Recognize that children pick up on tragedy. Infants and young toddlers may not know exactly what is going on, but they sense unrest. From infant to teen (and early adulthood), children do not have the mental capacity to sort through their feelings and they don’t have the verbal capacity to help us understand what is going on is important.
Pay attention to the clues they give us. This is probably one of the toughest parts of the parent or nanny relationship. We are juggling our own life issues, work, relationships, our own feelings and thoughts and yet we must watch our kids for signs of emotional distress. Then we need to help them process through it. For younger children, are they suddenly clingy? Emotional (either crying or sudden outbursts)? Has their appetite changed? Have they gone from sleeping all night to waking up and increased restlessness or even nightmares? Are they suddenly having issues with bedwetting? For older children, are they isolating in their rooms, starting to act recklessly or with inappropriate behaviors? These are all signs that it is time to check in with our kids and help them process what they are feeling.
Teach them how to describe what they are feeling. Help children of all ages to use their feeling words. Are they angry? Sad? Afraid? Tense? Help them figure out how to put a label on what they are feeling. As they begin to connect a word to what they feel, then it becomes less overwhelming for them.
Keep Their Routines as much as possible. Whether facing a national news event, or a change in their own family, children need routines.
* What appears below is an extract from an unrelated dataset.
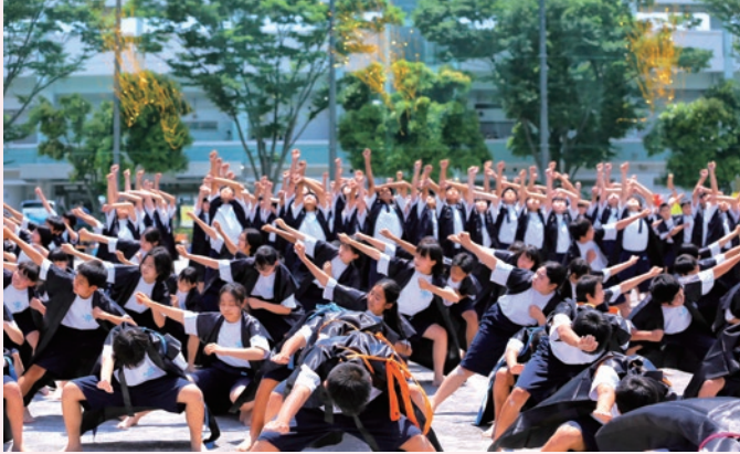
運動会 全校生徒によるソーラン節

本校では多様な学校行事をとおして、教員と生徒や生徒相互の信頼感を育み、主体的な体験を積み重ねる中で「知・徳・体」のバランスのとれた成長を促します。

This is one of the foundations of creating that sense of safety and security children need from birth. When their little bodies have consistent routines they know that they will be fed, they will be cleaned up, they will sleep. As children grow the security that they get from knowing that each day will look very similar to the day before actually creates safety for them. When a sudden surprise comes along, it does not rip the rug out from under them completely because they know that their routines are still in place. It also arms them with the knowledge that the adults that they trust in their life are still in control. So eat at the same times, follow the same daily routines as much as possible.
Meet their individual needs. Some children need lots of hugs and touch. Some children need to talk about stuff to process their thoughts. Some children just need to spend time with you doing anything, just to know you are near. Pay attention to what causes your child to have the most relaxed body and face, that is your indicator of how they need your love and attention.
We cannot put our children in a bubble, as much as we would like too. We can however help them to feel as safe as possible as they learn to handle the rough parts of life in our world.